**PROBLEM DESCRIPTION:**
Your task is to find every line of the listing that includes "Education" and copy it.

**PROVIDED RECORDS:**

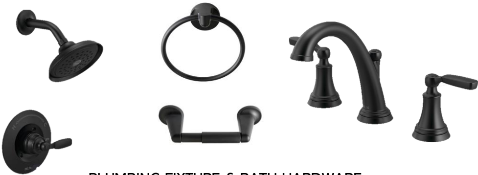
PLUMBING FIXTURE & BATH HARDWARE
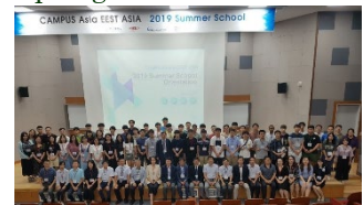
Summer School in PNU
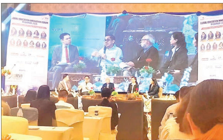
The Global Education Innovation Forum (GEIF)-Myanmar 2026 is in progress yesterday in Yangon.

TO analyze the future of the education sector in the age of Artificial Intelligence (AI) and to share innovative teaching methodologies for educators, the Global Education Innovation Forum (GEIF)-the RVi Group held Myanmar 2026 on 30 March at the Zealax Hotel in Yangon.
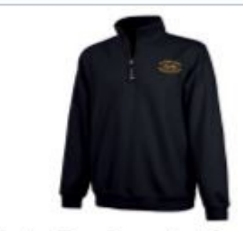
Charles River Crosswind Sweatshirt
==
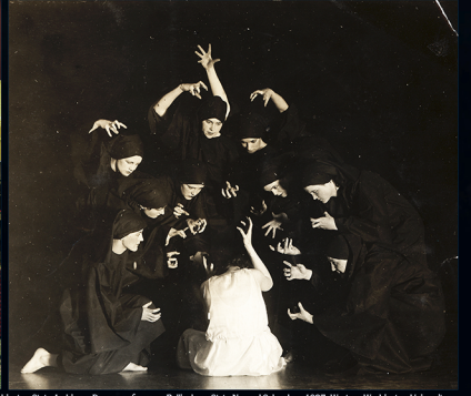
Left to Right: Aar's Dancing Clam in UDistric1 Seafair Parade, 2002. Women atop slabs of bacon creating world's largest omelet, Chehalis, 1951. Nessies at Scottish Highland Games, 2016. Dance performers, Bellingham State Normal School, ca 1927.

**RESPONSE FOR THIS EXERCISE:**
The Global Education Innovation Forum (GEIF)-Myanmar 2026 is in progress yesterday in Yangon.
TO analyze the future of the education sector in the age of Artificial Intelligence (AI) and to share innovative teaching methodologies for educators, the Global Education Innovation Forum (GEIF)-the RVi Group held Myanmar 2026 on 30 March at the Zealax Hotel in Yangon.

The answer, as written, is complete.